## Notebook to subset cohort genotype callset from larger parent cohort callset

#### import libraries and set notebook variables

In [1]:
from pandas import read_csv
import threading

In [7]:
# naming
cohort = 'foundin'
build = 'amppdv3'
cohort_build = f'{cohort}_{build}'

# directories
wrk_dir = f'/labshare/raph/datasets/{cohort}'
genos_dir = f'{wrk_dir}/genotypes/2022_v3release_1115'
info_dir = f'{wrk_dir}/sample_info'

# in files
sample_list_file = f'{genos_dir}/{cohort}.samples.list'
source_pfiles_prefix = '/labshare/raph/datasets/amppd/genotypes/2022_v3release_1115/chr'
cohort_psam_file = f'{info_dir}/{cohort_build}.psam'

# constants 
autosomes = [str(x) for x in list(range(1,23))]
sexomes = ['X', 'Y']
chromosomes = autosomes + sexomes
DEBUG = True

#### threading related functions

In [3]:
#### threading related function

# run command line procsss with bash majic
# make this a small function so it can be target function for threading
def run_bash_cmd(this_cmd):
    !{this_cmd}

# for each bash command is list add to execution thread, join and wait til all done
def run_bash_cmds_threaded(cmd_list):
    job_threads = []
    for this_cmd in cmd_list:
        this_thread = threading.Thread(target=run_bash_cmd, args=(this_cmd,))
        job_threads.append(this_thread)
        this_thread.start()

    for job_thread in job_threads:
        job_thread.join()          

#### read the original sample ID list, and re-prefix from old LNG to AMPPD

In [6]:
sample_ids = read_csv(sample_list_file, header=None)
sample_ids.columns = ['id']
print(f'sample list shape {sample_ids.shape}')
if DEBUG:
    display(sample_ids.sample(5))

sample list shape (135, 1)


Unnamed: 0,id
70,PP-50860
6,PP-3422
65,PP-50086
11,PP-3453
67,PP-50219


#### subset foundin info from parent PPMI set

In [8]:
# read the AMP-PD chr22 psam
in_psam = f'{source_pfiles_prefix}22.psam'
psam_df = read_csv(in_psam, sep='\s+')
print(f'AMP-PD chr22 psam shape {psam_df.shape}')

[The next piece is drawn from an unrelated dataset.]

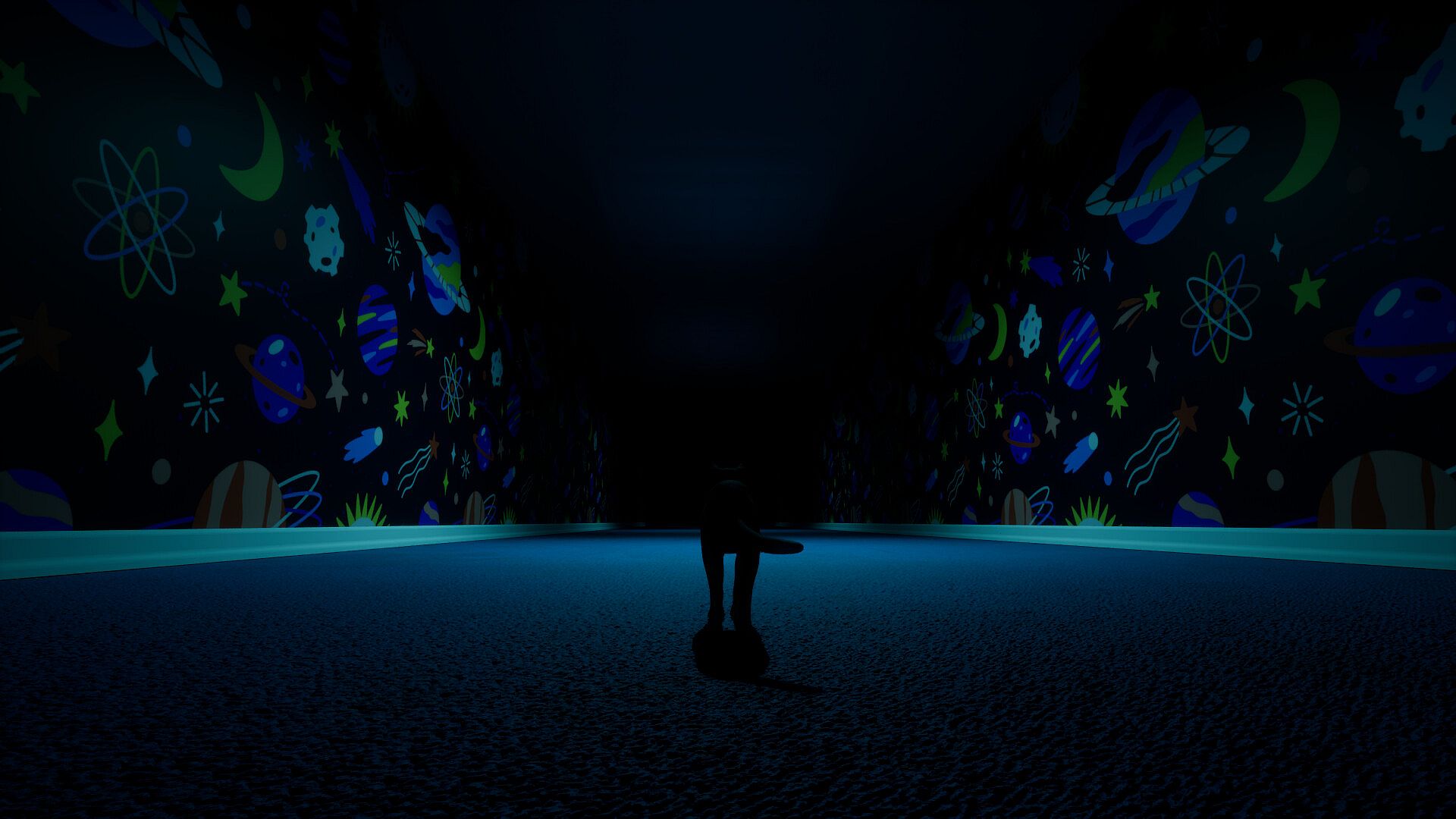 A cat woke up in a cold, inorganic tiled room, with nothing to rely on around it, and began to wander in search of an exit in the endless empty liminal space.
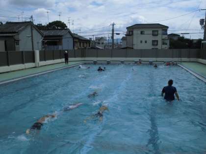 水慣れの後、泳力ごとに分かれたグループで、それぞれの学習の目当てに沿って、練習をしました。

# now subset to just the cohort
psam_df = psam_df.loc[psam_df['IID'].isin(sample_ids['id'])]
print(f'FOUNDIN-PD psam subset shape{psam_df.shape}')
if DEBUG:
    display(psam_df.sample(5))

# now save the cohrt psam
psam_df.to_csv(cohort_psam_file, index=False, sep='\t')

AMP-PD chr22 psam shape (10418, 3)
FOUNDIN-PD psam subset shape(135, 3)


Unnamed: 0,#FID,IID,SEX
9284,PP-41471,PP-41471,
9683,PP-54265,PP-54265,
9586,PP-52530,PP-52530,
8731,PP-3419,PP-3419,
9720,PP-55380,PP-55380,


#### subset FOUNDIN-PD from AMP-PD plink2 pfile set

In [10]:
def frmt_plink2_subset(in_pfiles_prefix, genos_dir, out_name, chrom, 
                       keep_file, min_mac=1):
    in_pfiles = f'{in_pfiles_prefix}{chrom}'
    out_pfiles = f'{genos_dir}/{out_name}.chr{chrom}'
    if in_pfiles == out_pfiles:
        print('in name cannot be same of out name, here')
        plink_cmd = '#error'

    filter_pass = ' --var-filter'
    plink_cmd = f'plink2 --pfile {in_pfiles} --keep {keep_file} \
--mac {min_mac} --silent --make-pgen --out {out_pfiles}'
    return plink_cmd

cmds = [frmt_plink2_subset(source_pfiles_prefix, genos_dir, cohort_build, chrom, 
                           cohort_psam_file) for chrom in chromosomes] 

# print(cmds)
# now run the cmds concurrently    
run_bash_cmds_threaded(cmds)  

Error: No variants remaining after main filters.